Word for word, and without a single picture, repeat the entries.

· · · · ·

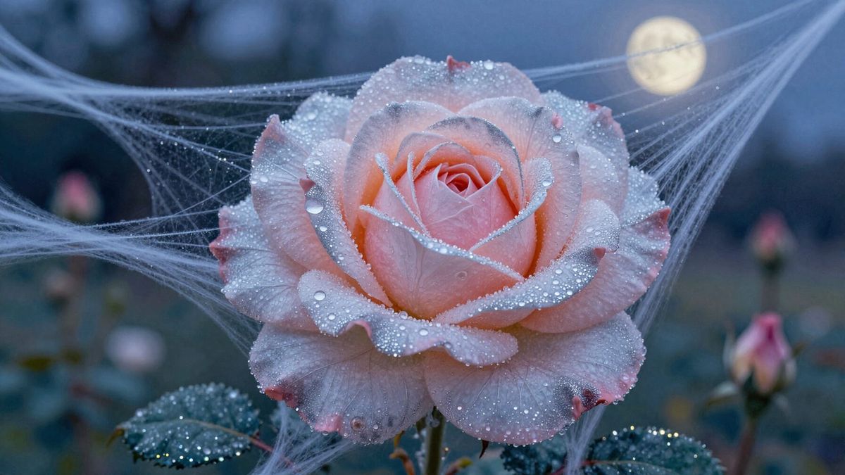 A delicate rose crafted from shimmering spider silk, with silver threads forming petals. The artwork is rendered with distinct dots of color, capturing a dreamlike twilight garden.
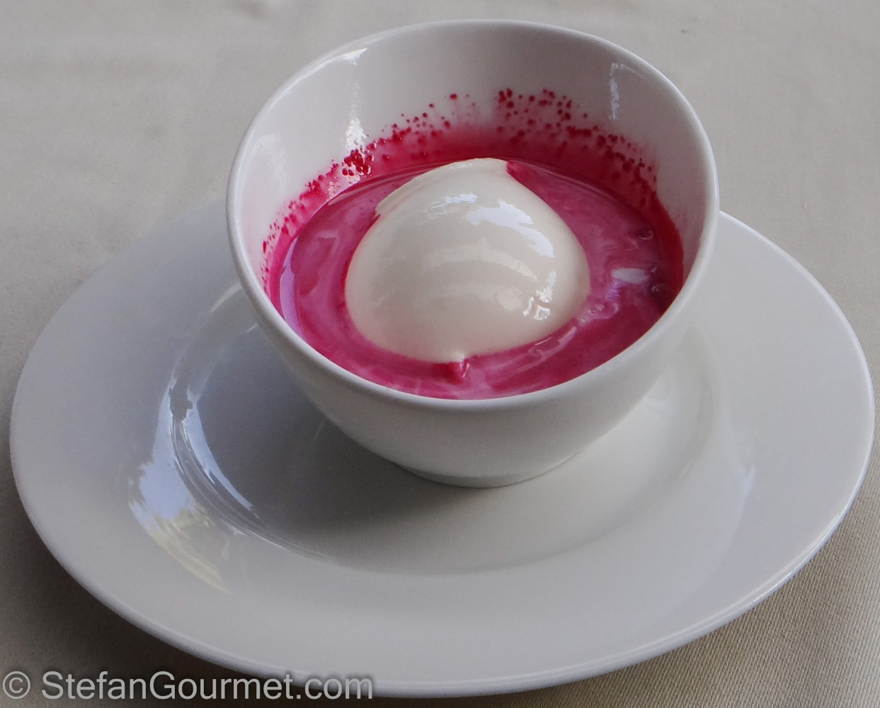 The first dessert: reduced milk ice cream with beetroot juice. A good combination of flavors, very nice. 9/10
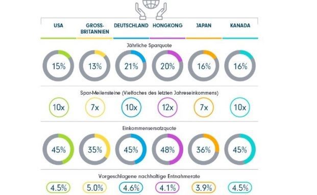 Rund 21 Prozent des Bruttoeinkommens müssten Deutsche in ihrem gesamten Erwerbsleben zurücklegen. Nur so können sie insgesamt das rund Zehnfache ihres Bruttojahreseinkommens ansparen, das sie laut Fidelity International im Ruhestand benötigen. Auch in anderen Teilen der Welt sei ein ähnlich hoher Sparbetrag notwendig. In Großbritannien liege er beim Siebenfachen des Bruttoeinkommens. Spitzenreiter sei allerdings Hongkong mit einem Multiplikator von zwölf.
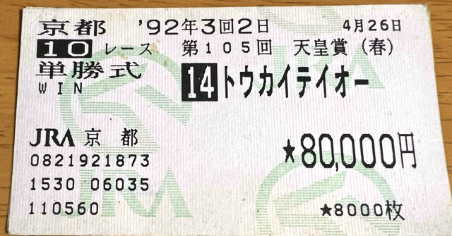 92年の天皇賞春、トウカイテイオーは1.5倍かぁ。当時まだ無敗だったらしい。 https://db.netkeiba.com/race/199208030210/
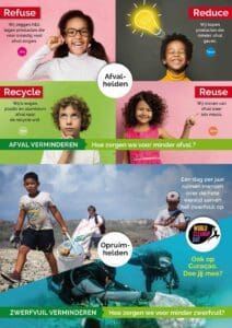 This teaching program is about waste, litter and plastic soup. It teaches children what types of waste there are and how to deal with them wisely. With many recognisable examples, it shows how you can reduce waste yourself by applying the principles of Reduce, Reuse, Recycle and Refuse in everyday life, and how you can roll up your sleeves on World Clean Up Day to clean up your island.

· · · · ·

-- TASK RESPONSE --
 A delicate rose crafted from shimmering spider silk, with silver threads forming petals. The artwork is rendered with distinct dots of color, capturing a dreamlike twilight garden.
 The first dessert: reduced milk ice cream with beetroot juice. A good combination of flavors, very nice. 9/10
 Rund 21 Prozent des Bruttoeinkommens müssten Deutsche in ihrem gesamten Erwerbsleben zurücklegen. Nur so können sie insgesamt das rund Zehnfache ihres Bruttojahreseinkommens ansparen, das sie laut Fidelity International im Ruhestand benötigen. Auch in anderen Teilen der Welt sei ein ähnlich hoher Sparbetrag notwendig. In Großbritannien liege er beim Siebenfachen des Bruttoeinkommens. Spitzenreiter sei allerdings Hongkong mit einem Multiplikator von zwölf.
 92年の天皇賞春、トウカイテイオーは1.5倍かぁ。当時まだ無敗だったらしい。 https://db.netkeiba.com/race/199208030210/
 This teaching program is about waste, litter and plastic soup. It teaches children what types of waste there are and how to deal with them wisely. With many recognisable examples, it shows how you can reduce waste yourself by applying the principles of Reduce, Reuse, Recycle and Refuse in everyday life, and how you can roll up your sleeves on World Clean Up Day to clean up your island.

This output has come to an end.